Business owners and sales managers frequently debate about whether to invest in an inside sales force, an outside sale force, or some combination of the two. With inside sales, your sales reps visit with customers and prospects via the telephone, email, and internet. They do not leave the inside of your office, hence the name. Outside sales is where your sales representatives visit with customers and prospects at their business locations, outside of your office.
Generally, budget drives the inside vs. outside sales force decision. Since inside sales reps incur no travel and entertainment expenses, companies with small or limited sales budgets often start with an inside sales force. They view this as a practical trade-off. However, there are variables to consider which may dictate that an outside sales team is a better investment for your business.

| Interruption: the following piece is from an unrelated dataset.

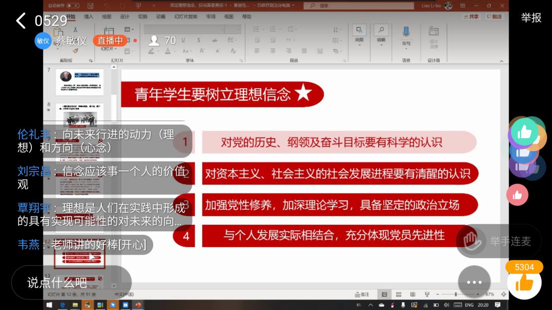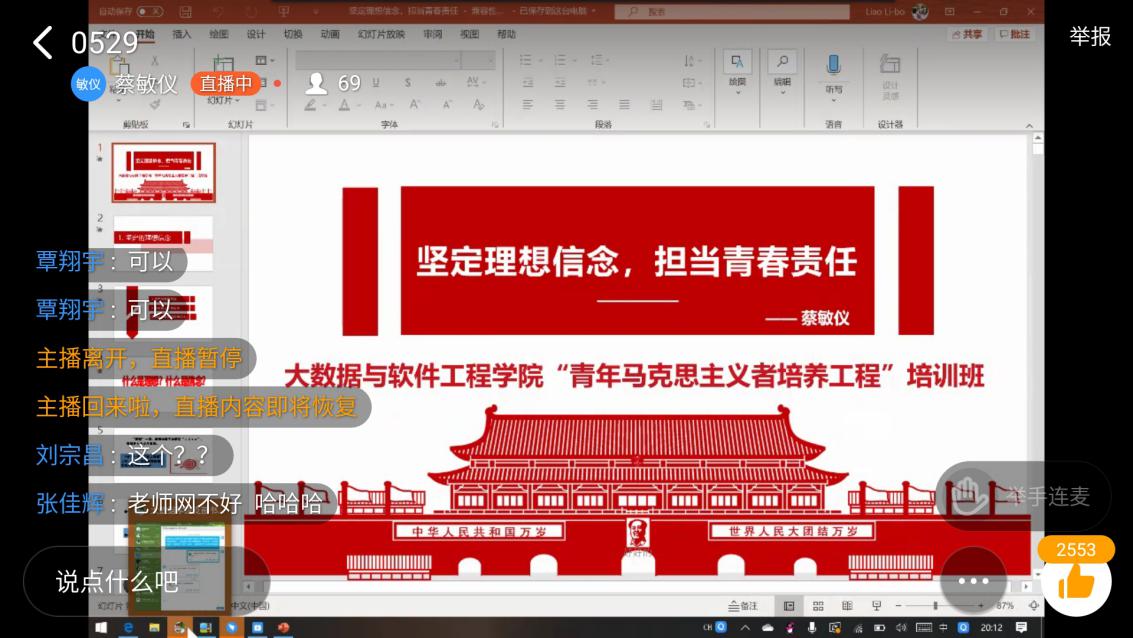 为进一步树立当代青年大学生"青春、奋斗、责任、担当”的时代精神,引导广大青少年坚定理想信念,5月29日晚,学院思政辅导员蔡敏仪老师以“坚定理想信念,担当青春责任”为主题在线上给院“青年马克思主义者培养工程”培训班的学员上了第一堂课。

Consider the variables in this table to determine whether your company is better off with an inside sales team, an outside sales team, or a combination of the two. A combination of inside and outside sales is generally preferred when you have a mix of variables that sometimes lean towards inside sales and sometimes towards outside sales. We’ll discuss more of that later.
Inside Sales | Outside Sales | |
Product or Service Cost | Low | High |
Customer’s Perception of Product Value | Low – Medium | Medium – High |
Product Complexity | Low | Medium – High |
Transaction Size | Small | Medium – Large |
Product Margin | Small | Large |
Target Geography | Wide (long distances) | Narrow (close by) |
Product or Service Cost
If your product cost is low relative to your customers’ budget, or if your product is a commodity, then an inside sales team may be a very effective channel to sell to your customers. However, if your product has a high price tag, customers may want the reassurance of face-to-face contact with your company. In these situations, outside sales may not only be preferred, but necessary.

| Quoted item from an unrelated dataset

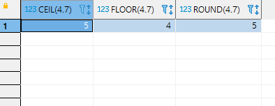 SELECT CEIL(4.7), FLOOR(4.7), ROUND(4.7) FROM DUAL;

Customer’s Perception of Product Value
Even when your product cost is low, if the customer’s perception of the product’s risk or value is high, you may be better off employing an outside sales team. Shear bolts used in turbines are a good example. The bolts themselves cost only a few dollars apiece. However, if they fail to perform to specification, they may ultimately cost your customer hundreds of thousands of dollars in downtime and repairs. The risk/cost ratio is high. In cases like this, you’re much better off developing a personal, face-to-face relationship with your customer.
Product Complexity
Complex products or new applications for products can be intimidating to customers and prospects. These situations often require the careful direction and reassurance that an outside sales representative delivers. Inside sales reps can handle more complicated sales, especially using video demonstrations that are available via the Internet. However, inside sales calls generally take longer to close than face-to-face sales calls.
Transaction Size
Inside sales teams can be very effective in identifying, qualifying, and closing relatively small transactions – from a few dollars to a few thousand dollars in size. Dell Computer demonstrated this very clearly in the personal computer market. However, when transactions are larger in size, whether by dollar amount or number of units that add up to a large dollar amount, customers prefer the relationships and commitment provided by outside sales representatives.
Product Margin
When your product generates a large profit margin for your company, you want to eliminate as many obstacles as possible to making the sale. In these situations, face-to-face contact and personal relationships can go a long way to closing the sale efficiently.
Target Geography
If your company serves a large geographical area, involving an entire continent, multiple time zones or the world, you may find it necessary to employ an inside sales force. Sometimes it is not logistically feasible to cover your target market with outside sales representatives. Inside sales representatives can cover extensive geographies, time zones and cultures from one central location.
Combination Approach
If you need to have outside sales representatives covering a wide geography, consider supplementing them with an inside sales team. The inside sales reps can generate leads, qualify opportunities and nurture leads. This allows the outside sales reps to focus on key opportunities and imminent deals. After deals are closed by the outside sales team, inside sales reps can maintain customer contact to ensure that your operations team quickly identifies and resolves customer satisfaction issues.
Inside sales teams and outside sales teams each have their own niche in which they work well. However, try not to view the decision as “either/or.” As your business grows, you will find that a combination of inside and outside sales teams can work well together, complement each other and allow your business to grow faster.
In my experience, I have used inside sales reps to close deals with short sales cycles. These transactions typically involve low cost, commodity-like products. I complemented my inside sales team with outside reps that develop key account relationships. I also used inside sales teams to develop opportunities early in the sales cycle with a hand-off to an outside sales rep. During the key decision-making period, when the customer needs personal contact and during the proposal development period, my outside sales teams were closely involved with the sale. After the sale and product/service delivery, the inside sale rep followed up with the customer.
When you have multiple sales reps working together on the same transactions, make sure you clearly define each rep’s role and how each rep will be compensated for his or her contribution. This helps ensure cooperation across your sales team.